In 1910 Lamb was in Athens working on a catalogue of the Greek terracotta figurines in the Acropolis Museum, a project the British School initiated on behalf of the Acropolis Museum. In 1911 she participated in excavations at Phylakopi on Melos. Lamb, Lillian Tennant and Hilda Lorimer were the first women to participate in an excavation conducted by the British School at Athens. The excavation, led by Richard Dawkins, the director of the British School, was conducted from March to May 1911, with Lamb and Tennant beginning fieldwork after 16 April. The project was a supplementary excavation of a site that had been explored in 1896–1899.

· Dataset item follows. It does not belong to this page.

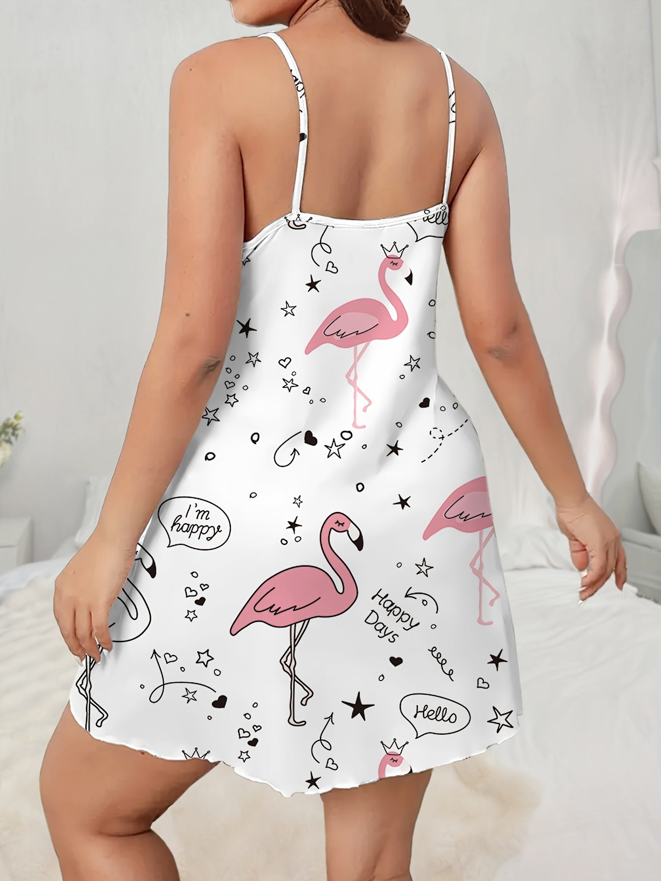 Women's Plus Size Flamingo Print Sleeveless Nightgown Ruffled Lightweight Sleepwear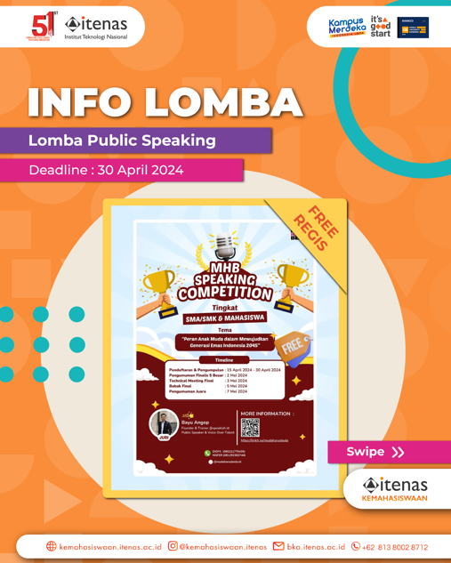 - Peserta wajib follow akun instagram @mudaharusbeda.id dan meng-upload poster MHB Speaking Competition 2024 yang tersedia di feeds instagram @mudaharusbeda.id pada instastory akun masing-masing.

The start of the First Balkan War in 1912 ended archaeological fieldwork plans in Greece. Lamb returned to England, first stopping in Paris to do additional research on the terracottas at the Louvre. She finished her work on her catalogue in 1912 and the first volume, edited by Guy Dickens, was published that year by Cambridge University Press. The British School's publications committee recommended revisions, so Lamb continued to work on the second volume of the Catalogue from 1912 to 1914.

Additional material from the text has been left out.